Как утверждают организаторы, в Москве это первая большая "персоналка" Таира Салахова, несколько десятилетий рулившего Союзом художников СССР, а ныне занимающего пост вице-президента Академии художеств (интервью с ним см. в "Ъ" от 15 января). На ней собраны действительно лучшие, знаковые вещи разных периодов — от девяти работ из Третьяковки, в том числе хрестоматийного портрета композитора Кара-Караева (1960), раритетов из азербайджанских музеев, до произведений 2000-х из частных коллекций и собрания самого художника, среди которых известный портрет Мстислава Ростроповича и монументальный триптих про каспийскую нефть.
Кураторы отказались от напрашивавшейся музейной хронологии и организовали выставку не по годам, а по цветовым пятнам и мотивам, то есть белое — к белому, пейзаж — к пейзажу, портрет — к портрету. Благо Таир Салахов не из тех мастеров, кто мечется в творческих поисках до седин, а из тех, кто почти незаметно эволюционирует в рамках канона.

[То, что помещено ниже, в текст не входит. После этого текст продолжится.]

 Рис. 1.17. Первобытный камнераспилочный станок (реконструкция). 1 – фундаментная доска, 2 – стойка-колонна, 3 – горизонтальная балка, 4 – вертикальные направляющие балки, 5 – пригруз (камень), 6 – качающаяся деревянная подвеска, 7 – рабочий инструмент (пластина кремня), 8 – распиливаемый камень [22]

Для неискушенного глаза стилистические отличия его кувшина образца 1971 года от кувшина 1992 года так же неощутимы, как разница между статуями египетских фараонов Древнего и Нового царств.
Выставку открывает дипломная работа "С вахты", защищенная художником в 1957 году в Суриковском институте, из коллекции Института Академии художеств в Петербурге,— композиция с шагающими молодыми рабочими прозрачно намекает на дейнековскую "Оборону Петрограда", а импрессионистичность живописи передает свежий воздух "оттепели". Два самых больших зала фонда отданы работам, которые могут считаться вершиной салаховского стиля, заслужившего от критики 1960-х эпитета "сурового" (как и у Виктора Попкова, Павла Никонова, Николая Андронова). И дело было не только в выражении лиц героев и в "правде жизни", на которую эти насупленные, обветренные герои — ремонтники, геологи, нефтяники, плотогоны — претендовали, а и в самой живописи, избавившейся от "излишеств", как избавились от них хрущевские пятиэтажки, тут же очутившись в русле мирового "интернационального" стиля.

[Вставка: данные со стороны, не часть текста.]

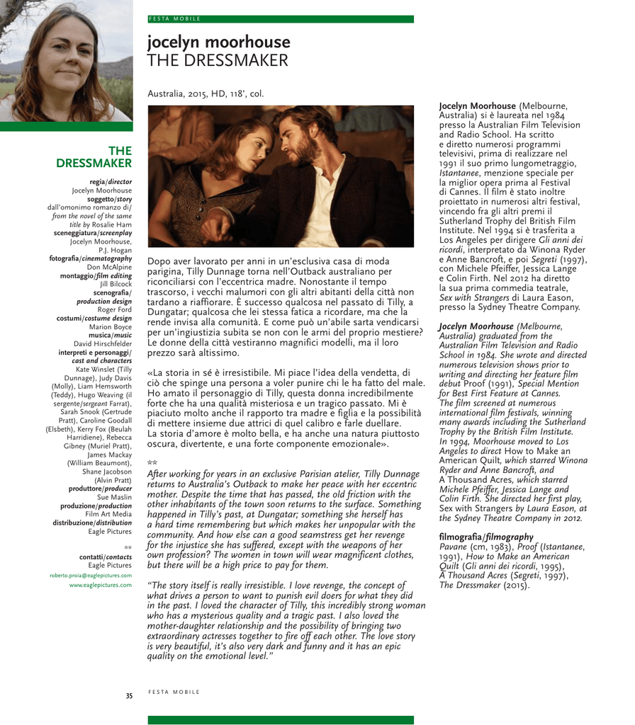 F E S TA M O B I L E jocelyn moorhouse THE DRESSMAKER Australia, 2015, HD, 118’, col. THE DRESSMAKER regia/director Jocelyn Moorhouse soggetto/story dall’omonimo romanzo di/ from the novel of the same title by Rosalie Ham sceneggiatura/screenplay Jocelyn Moorhouse, P.J. Hogan fotografia/cinematography Don McAlpine montaggio/film editing Jill Bilcock scenografia/ production design Roger Ford costumi/costume design Marion Boyce musica/music David Hirschfelder interpreti e personaggi/ cast and characters Kate Winslet (Tilly Dunnage), Judy Davis (Molly), Liam Hemsworth (Teddy), Hugo Weaving (il sergente/sergeant Farrat), Sarah Snook (Gertrude Pratt), Caroline Goodall (Elsbeth), Kerry Fox (Beulah Harridiene), Rebecca Gibney (Muriel Pratt), James Mackay (William Beaumont), Shane Jacobson (Alvin Pratt) produttore/producer Sue Maslin produzione/production Film Art Media distribuzione/distribution Eagle Pictures ** contatti/contacts Eagle Pictures Dopo aver lavorato per anni in un’esclusiva casa di moda parigina, Tilly Dunnage torna nell’Outback australiano per riconciliarsi con l’eccentrica madre. Nonostante il tempo trascorso, i vecchi malumori con gli altri abitanti della città non tardano a riaffiorare. È successo qualcosa nel passato di Tilly, a Dungatar; qualcosa che lei stessa fatica a ricordare, ma che la rende invisa alla comunità. E come può un’abile sarta vendicarsi per un’ingiustizia subita se non con le armi del proprio mestiere? Le donne della città vestiranno magnifici modelli, ma il loro prezzo sarà altissimo. «La storia in sé è irresistibile. Mi piace l’idea della vendetta, di ciò che spinge una persona a voler punire chi le ha fatto del male. Ho amato il personaggio di Tilly, questa donna incredibilmente forte che ha una qualità misteriosa e un tragico passato. Mi è piaciuto molto anche il rapporto tra madre e figlia e la possibilità di mettere insieme due attrici di quel calibro e farle duellare. La storia d’amore è molto bella, e ha anche una natura piuttosto oscura, divertente, e una forte componente emozionale». ** After working for years in an exclusive Parisian atelier, Tilly Dunnage returns to Australia’s Outback to make her peace with her eccentric mother. Despite the time that has passed, the old friction with the other inhabitants of the town soon returns to the surface. Something happened in Tilly’s past, at Dungatar; something she herself has a hard time remembering but which makes her unpopular with the community. And how else can a good seamstress get her revenge for the injustice she has suffered, except with the weapons of her own profession? The women in town will wear magnificent clothes, but there will be a high price to pay for them. [email protected] www.eaglepictures.com 35 “The story itself is really irresistible. I love revenge, the concept of what drives a person to want to punish evil doers for what they did in the past. I loved the character of Tilly, this incredibly strong woman who has a mysterious quality and a tragic past. I also loved the mother-daughter relationship and the possibility of bringing two extraordinary actresses together to fire off each other. The love story is very beautiful, it’s also very dark and funny and it has an epic quality on the emotional level.” F E S TA M O B I L E Jocelyn Moorhouse (Melbourne, Australia) si è laureata nel 1984 presso la Australian Film Television and Radio School. Ha scritto e diretto numerosi programmi televisivi, prima di realizzare nel 1991 il suo primo lungometraggio, Istantanee, menzione speciale per la miglior opera prima al Festival di Cannes. Il film è stato inoltre proiettato in numerosi altri festival, vincendo fra gli altri premi il Sutherland Trophy del British Film Institute. Nel 1994 si è trasferita a Los Angeles per dirigere Gli anni dei ricordi, interpretato da Winona Ryder e Anne Bancroft, e poi Segreti (1997), con Michele Pfeiffer, Jessica Lange e Colin Firth. Nel 2012 ha diretto la sua prima commedia teatrale, Sex with Strangers di Laura Eason, presso la Sydney Theatre Company. Jocelyn Moorhouse (Melbourne, Australia) graduated from the Australian Film Television and Radio School in 1984. She wrote and directed numerous television shows prior to writing and directing her feature film debut Proof (1991), Special Mention for Best First Feature at Cannes. The film screened at numerous international film festivals, winning many awards including the Sutherland Trophy by the British Film Institute. In 1994, Moorhouse moved to Los Angeles to direct How to Make an American Quilt, which starred Winona Ryder and Anne Bancroft, and A Thousand Acres, which starred Michele Pfeiffer, Jessica Lange and Colin Firth. She directed her first play, Sex with Strangers by Laura Eason, at the Sydney Theatre Company in 2012. filmografia/filmography Pavane (cm, 1983), Proof (Istantanee, 1991), How to Make an American Quilt (Gli anni dei ricordi, 1995), A Thousand Acres (Segreti, 1997), The Dressmaker (2015).

Так и с картинами "суровых" — за "отражением жизни в формах самой жизни" в них просвечивает вполне модернистское содержание, интерес к самим средствам искусства, пресловутой форме. Салаховские картины поражают даже каким-то живописным щегольством — ярко-красный мундштук во рту загорело-коричневого "Нефтяника" (1959) или алые поводья игрушечной лошадки, на которой сидит, вся в белом, трехлетняя "Айдан" (1967), выглядят такой же вроде бы необязательной, но необходимой деталью, как белый платок, выглядывающий из кармашка строгого концертного фрака. Понятно, что такие вещи Таира Салахова, как "Новое море", "Ремонтники", "Женщины Апшерона", "Утренний эшелон", было не стыдно послать и на Венецианскую биеннале, где он представлял СССР в 1962 году.

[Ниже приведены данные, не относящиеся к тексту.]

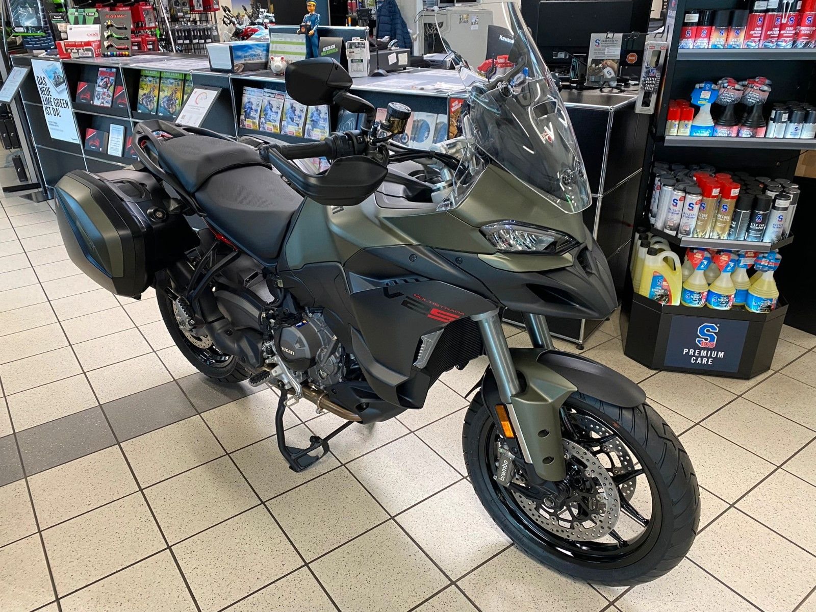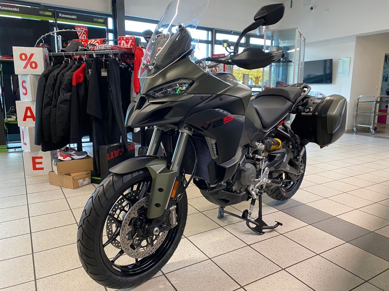 Die neue Ducati Multistrada V2 S Travel 2026 in der Farbe: Storm Green

Конечно, параллели с западным искусством легко объяснить насмотренностью художника, виртуозно конвертировавшего свои зарубежные впечатления в пригодный для местного употребления формат, но нельзя отрицать, что до того, как западный модернизм стал доступен советским художественным массам (кстати, и благодаря самому Таиру Салахову, в перестроечные годы выписавшего в Москву выставки многих иностранных звезд, от Бэкона до Раушенберга), именно его произведения служили каноном, на который ориентировались сотни, если не тысячи членов Союза художников, "контрабандой" получая из них и представление о правильной, "культурной" живописи,— вот откуда взялся характерный аскетичный визуальный стиль "застоя".
Не зря картины с небоскребами, написанные по следам творческой командировки в Америку, кажутся нашим пусть и не совсем симметричным ответом тамошним абстракционистам, а в скупых пейзажах азербайджанского Нардарана, в этих красных стульях на фоне зеленых агав чудится что-то мексиканское, монументально-сикейросовское и энергично-риверовское. И удивительно искреннее — недаром с той же ласковой суровостью писал художник своих жен, детей и даже вид из окна персональной творческой мастерской.